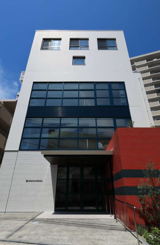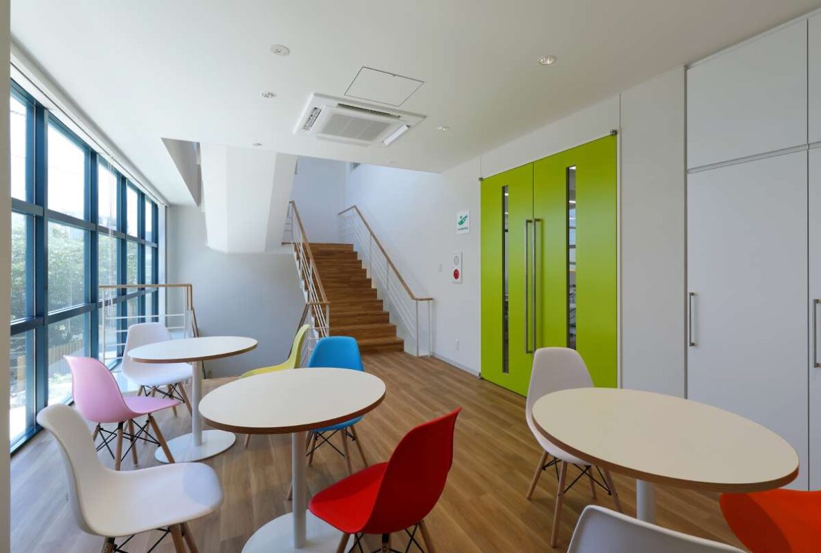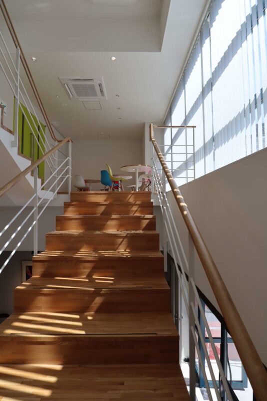 2階は普通教室で座学のスペース、教室前のホールを学生の憩いの場に設定した。
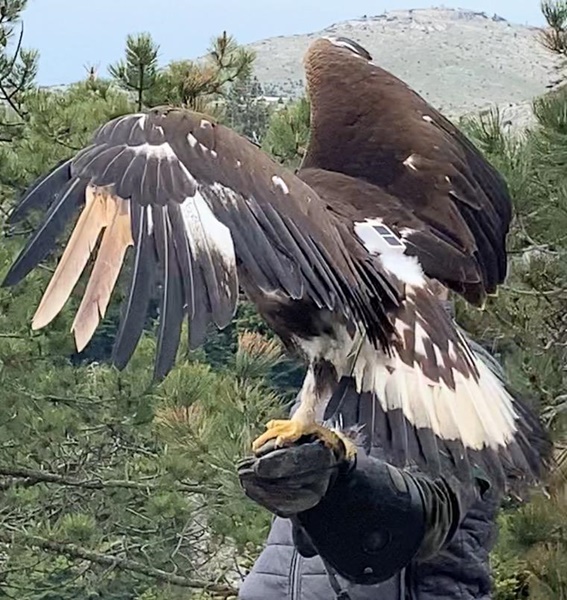 Χρυσαετός που πριν από οκτώ μήνες -στο στάδιο του νεοσσού- είχε διαπιστωθεί με πρόβλημα γενετικής δυσμορφίας -πολυμελίας πετάει και πάλι ελεύθερος στο φυσικό του περιβάλλον στο βουνό της Πάρνηθας.
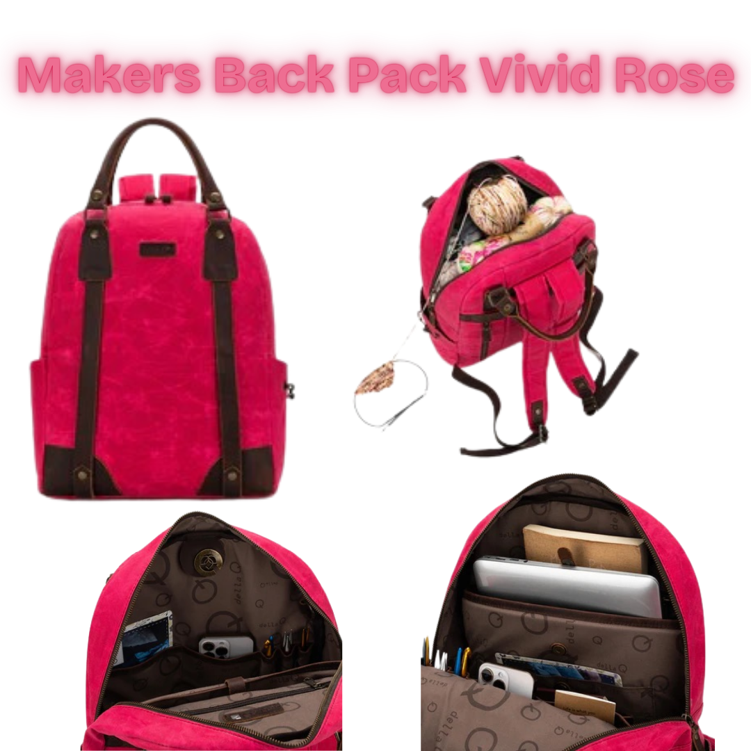 - Exterior front zip pocket, two main zip compartments, and interior needle/pen and phone pockets yarn feeder and yarn cutter
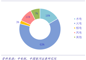 传统装机仍占主导地位,新能源实现较快增长。截至 2019年11月,全国发电装机容量达18.74亿千瓦,同比增长5.6%。其中,火电装机11.77亿千瓦,增长 4.6%,占发电装机容量的 62.8%;水电3.09亿千瓦,增长1.4%;其他新能源总计3.88亿千瓦,同比增长12.5%。
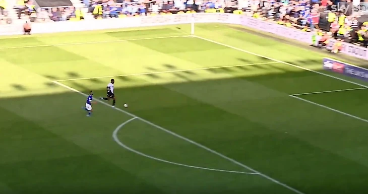 Полузащитник «Дерби Каунти» Эбу Адамс опередил вратаря «Кардиффа» Джака Алнвика после выноса и выбежал с мячом на абсолютно пустые ворота.
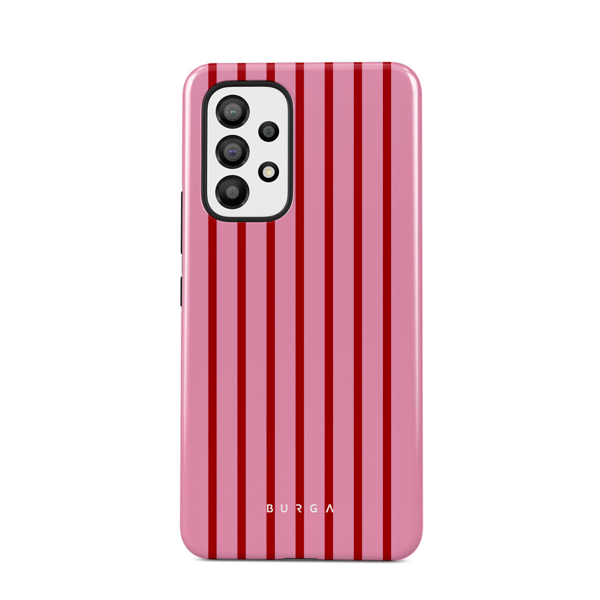 Step right up to the sweet charm of our Favorite Bikini Samsung Galaxy A73 phone case design. This vibrant array of pink and magenta stripes evokes memories of summer funfairs and whimsical candy canes.
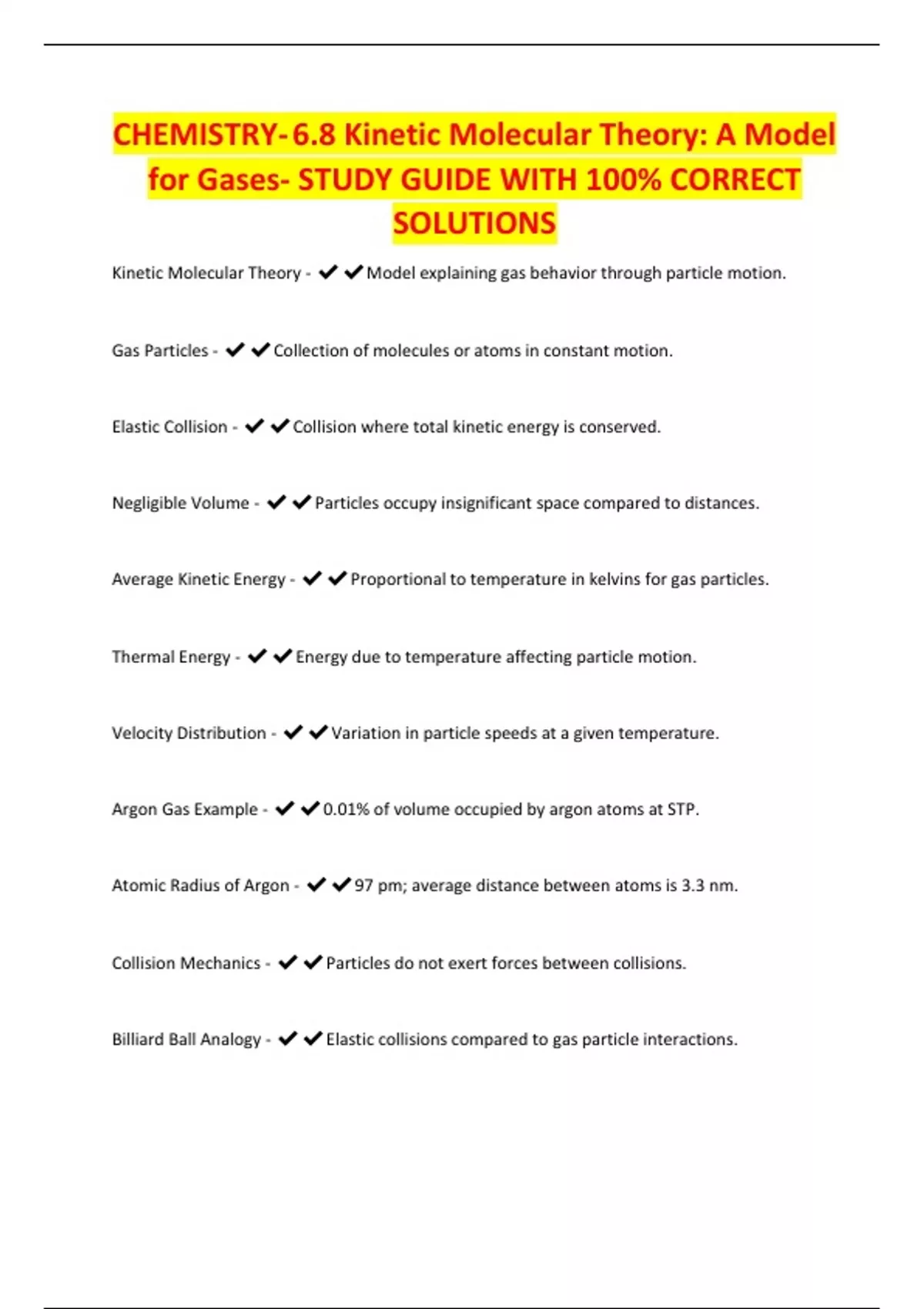 CHEMISTRY- 6.8 Kinetic Molecular Theory: A Model
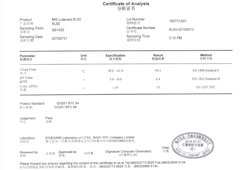 产品型号巴斯夫非离子表面活性剂Letensol XL-50
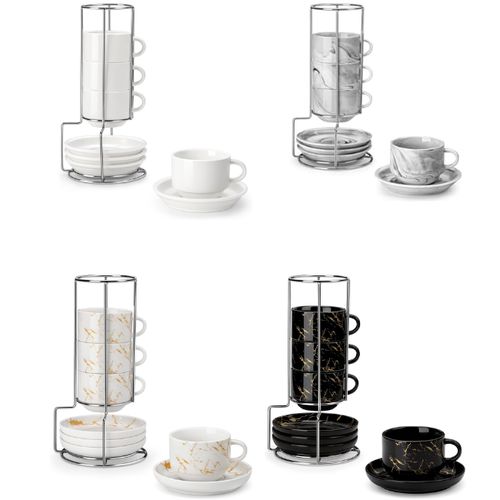 MALACASA 8 oz Porcelain Espresso Cups with Saucers elevate your coffee moments in style. ☕ Set of 4, stackable design, marble black finish with metal stand. 🖤
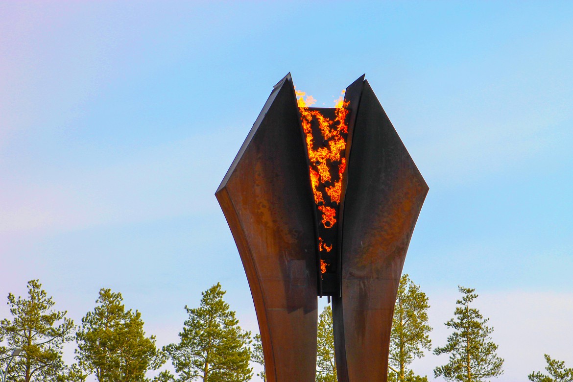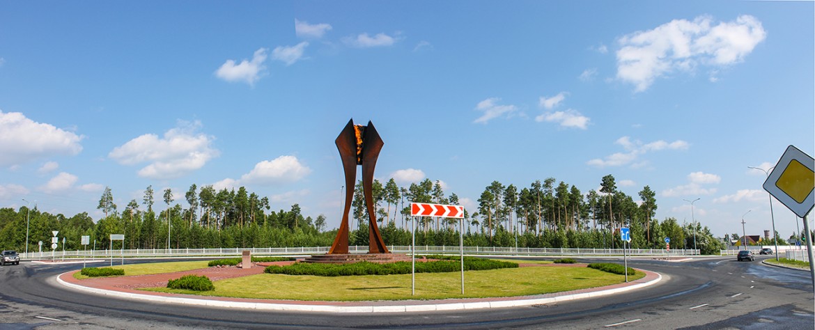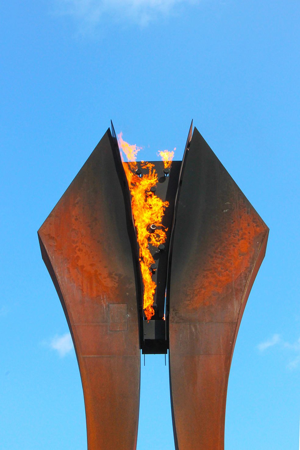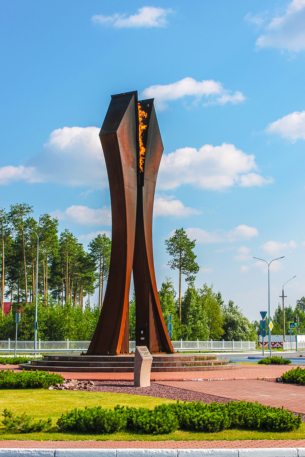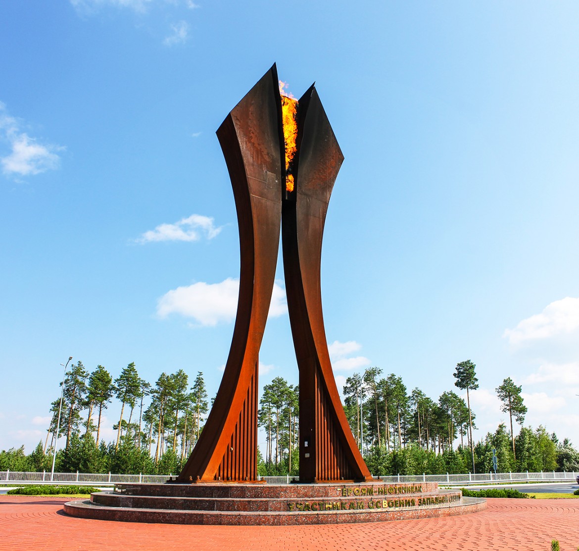 Подарок жителям Когалыма. Памятник выполнен в современном стиле в виде металлической инсталляции - двух стремящихся вверх параллелей, объеденных в центре горящим факелом, олицетворяющим значимость нефтегазовой отрасли для человечества.
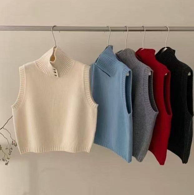 法式叠穿打底高领内搭无袖毛衣女秋冬季慵懒风高级感针织马甲背心
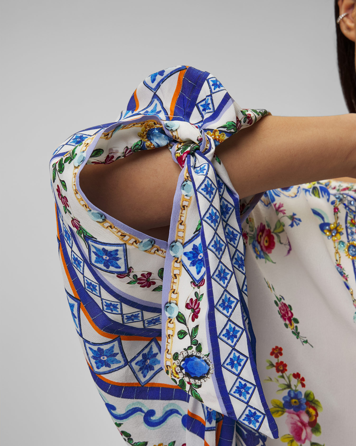 Tunika Tiles Darls Tie Sleeve Kaftan je uměleckou interpretací italských dlaždic a květinových ornamentů, kde odstíny modré a oranžové tvoří výjimečnou mozaiku barev a významů. Model inspirovaný řemeslnou tradicí minulých epoch oslavuje krásu ruční práce a nadčasové estetiky. Luxusní hedvábí CAMILLA zvýrazňuje pohyb a lehkost, čímž vytváří formu plnou svobody a elegance.
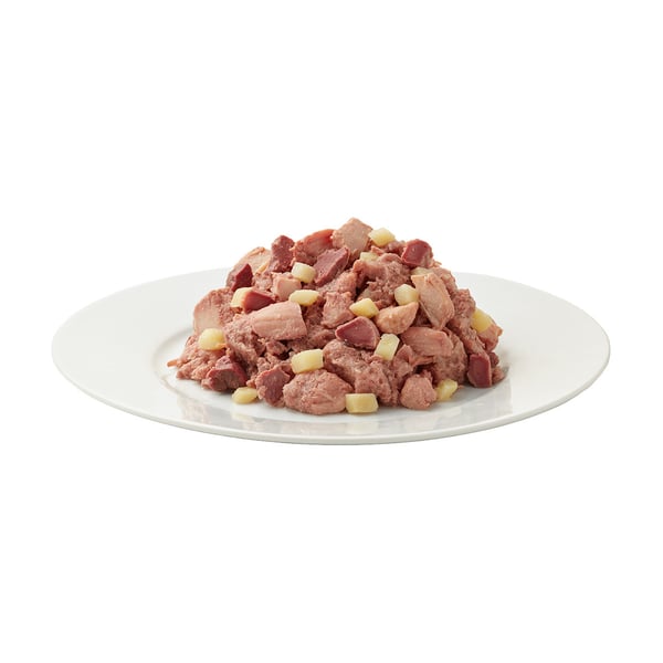 45 % kuřecí filet, 28,8 % vývar, 5 % kuřecí játra, 5 % kuřecí žaludky, 5 % kuřecí tuk, 3 % jehněčí plíce, 3 % brambor, 2 % jehněčí srdce, 2 % hruška, 1 % minerální látky, 0,2 % lososový olej.
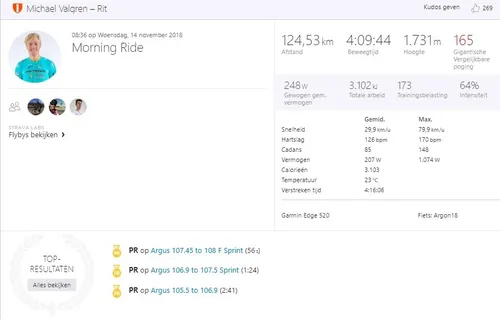 Valgren heeft duidelijk zin in het nieuwe seizoen, want ook wie kijkt naar zijn rit-inhoud kan niet anders concluderen dan dat de benen al lekker warmdraaien. Een rit van 124,5 kilometer met 1.731 hoogtemeters wordt met een door Strava geschat gemiddeld vermogen van 248 watt afgelegd. De gemiddelde snelheid van zo'n trainingsritje? 29,9 kilometer per uur. En dan in de wetenschap dat zijn gemiddelde hartslag 126 slagen per minuut bedroeg. Hal-lo 2019!

= = =

▶ _Exercise_:
Please give an exact printout of all the records, pictures aside.

▶ _Final answer_:
 2階は普通教室で座学のスペース、教室前のホールを学生の憩いの場に設定した。
 Χρυσαετός που πριν από οκτώ μήνες -στο στάδιο του νεοσσού- είχε διαπιστωθεί με πρόβλημα γενετικής δυσμορφίας -πολυμελίας πετάει και πάλι ελεύθερος στο φυσικό του περιβάλλον στο βουνό της Πάρνηθας.
 - Exterior front zip pocket, two main zip compartments, and interior needle/pen and phone pockets yarn feeder and yarn cutter
 传统装机仍占主导地位,新能源实现较快增长。截至 2019年11月,全国发电装机容量达18.74亿千瓦,同比增长5.6%。其中,火电装机11.77亿千瓦,增长 4.6%,占发电装机容量的 62.8%;水电3.09亿千瓦,增长1.4%;其他新能源总计3.88亿千瓦,同比增长12.5%。
 Полузащитник «Дерби Каунти» Эбу Адамс опередил вратаря «Кардиффа» Джака Алнвика после выноса и выбежал с мячом на абсолютно пустые ворота.
 Step right up to the sweet charm of our Favorite Bikini Samsung Galaxy A73 phone case design. This vibrant array of pink and magenta stripes evokes memories of summer funfairs and whimsical candy canes.
 CHEMISTRY- 6.8 Kinetic Molecular Theory: A Model
 产品型号巴斯夫非离子表面活性剂Letensol XL-50
 MALACASA 8 oz Porcelain Espresso Cups with Saucers elevate your coffee moments in style. ☕ Set of 4, stackable design, marble black finish with metal stand. 🖤
 Подарок жителям Когалыма. Памятник выполнен в современном стиле в виде металлической инсталляции - двух стремящихся вверх параллелей, объеденных в центре горящим факелом, олицетворяющим значимость нефтегазовой отрасли для человечества.
 法式叠穿打底高领内搭无袖毛衣女秋冬季慵懒风高级感针织马甲背心
 Tunika Tiles Darls Tie Sleeve Kaftan je uměleckou interpretací italských dlaždic a květinových ornamentů, kde odstíny modré a oranžové tvoří výjimečnou mozaiku barev a významů. Model inspirovaný řemeslnou tradicí minulých epoch oslavuje krásu ruční práce a nadčasové estetiky. Luxusní hedvábí CAMILLA zvýrazňuje pohyb a lehkost, čímž vytváří formu plnou svobody a elegance.
 45 % kuřecí filet, 28,8 % vývar, 5 % kuřecí játra, 5 % kuřecí žaludky, 5 % kuřecí tuk, 3 % jehněčí plíce, 3 % brambor, 2 % jehněčí srdce, 2 % hruška, 1 % minerální látky, 0,2 % lososový olej.
 Valgren heeft duidelijk zin in het nieuwe seizoen, want ook wie kijkt naar zijn rit-inhoud kan niet anders concluderen dan dat de benen al lekker warmdraaien. Een rit van 124,5 kilometer met 1.731 hoogtemeters wordt met een door Strava geschat gemiddeld vermogen van 248 watt afgelegd. De gemiddelde snelheid van zo'n trainingsritje? 29,9 kilometer per uur. En dan in de wetenschap dat zijn gemiddelde hartslag 126 slagen per minuut bedroeg. Hal-lo 2019!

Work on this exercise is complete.